Too much control stops new ideas from germinating, and too little organisation makes things messy. The best places to learn are those that are structured enough to help people do so but also open enough to let in new ideas.
People now care much about accuracy, algorithms, measurable results, and linear advancement. Because of this, we might confuse efficiency with enlightenment. Most of the time, breakthroughs don’t happen in a straight line. They happen when we make mistakes, take wrong turns, or ask questions that don’t seem to fit at first.
If education focuses only on what is likely to happen, it could lead to competence without curiosity. Real learning needs something more daring: the ability to stay in the unknown, to think deeply (as John Dewey said, reflection turns experience into insight), and to see chances where other people see mistakes.
Serendipity, it must be reiterated, is not luck; it is being ready for the unexpected.
Schools get kids ready to learn and discover new things by making them curious, giving them time to think, and encouraging them to take intellectual risks. Also, that is the best kind of education: not just finding answers, but also figuring out truths we didn’t know we were looking for and being smart enough to see them when they come up.

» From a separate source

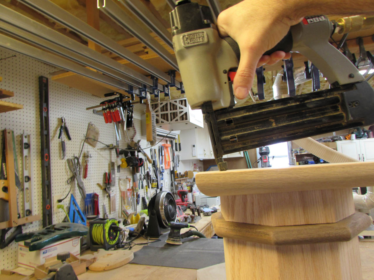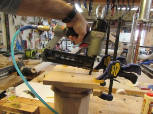 Then I use two brad nails to hold the base in place and stand the column up so I can then more easily aim the brad nailer to angle the nails in toward the center of the column to place a brad nail into each of the eight sides.
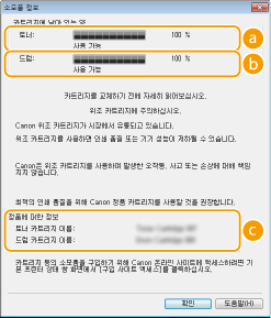 아래 방법으로 토너 카트리지 잔량 등을 확인하십시오. 대량의 인쇄 작업을 시작하기 전에 새 토너 카트리지 또는 새 드럼 카트리지를 준비할 필요가 있는지 확인하는 것이 특히 중요합니다.

We are also living in a time when AI is becoming more common. AI systems can make, recommend, classify and predict things at an amazing speed. AI loves patterns. It looks at what has already been said, picked, and liked, and then tries to figure out what the next step is most likely to be. But serendipity doesn’t come from chance; it comes from going off course.
In these kinds of settings, students are gently guided toward what is most likely, popular, or predictable. They are pushed along pre-lit paths instead of being left to find their own way. But it is in the dark places—when we wander, when we deal with uncertainty, and when we come across an idea we don’t know—that curiosity is born and flourishes.
Students run the risk of becoming information consumers instead of question seekers when answers come too quickly and intellectual paths are already filtered. Technology speeds things up and makes it easier, but without careful, human-centred design, it can take away the friction, surprise, and productive discomfort that make people want to learn more.
In an AI-run world, schools must actively protect places where students can go beyond recommendation algorithms. People who can see when something doesn’t fit the pattern and ask why will own the future, not people who get answers the fastest.
Teachers can create simple but effective classroom activities that use AI to spark curiosity instead of giving students quick answers. For example, after students get an AI-generated explanation of a topic, they can be told to look for an opposing point of view, find a minority point of view, or ask whose voice might be missing.
Students can ask AI to come up with interesting questions instead of asking for summaries. Then, they can choose one to look into on their own.
Teachers could give students “random intersection” challenges, which ask them to find connections between the lesson topic and something else that isn’t related. Students can also compare their own predicted answers to those given by AI before they change their minds, which keeps the value of productive struggle.
Sometimes, students can be asked to critique AI outputs by pointing out mistakes, gaps, or strange things that don’t fit. This helps them get used to noticing things that don’t fit. By doing things like this on purpose, technology becomes not a replacement for thinking but a partner in expanding it. This keeps classrooms places where inquiry, surprise, and intellectual risk-taking can continue to thrive.
When classrooms maintain a careful equilibrium between guidance and openness, and when they regard exploration with the same seriousness as correctness, they transform from mere instructional environments into unique spaces that foster curiosity and allow serendipity to flourish.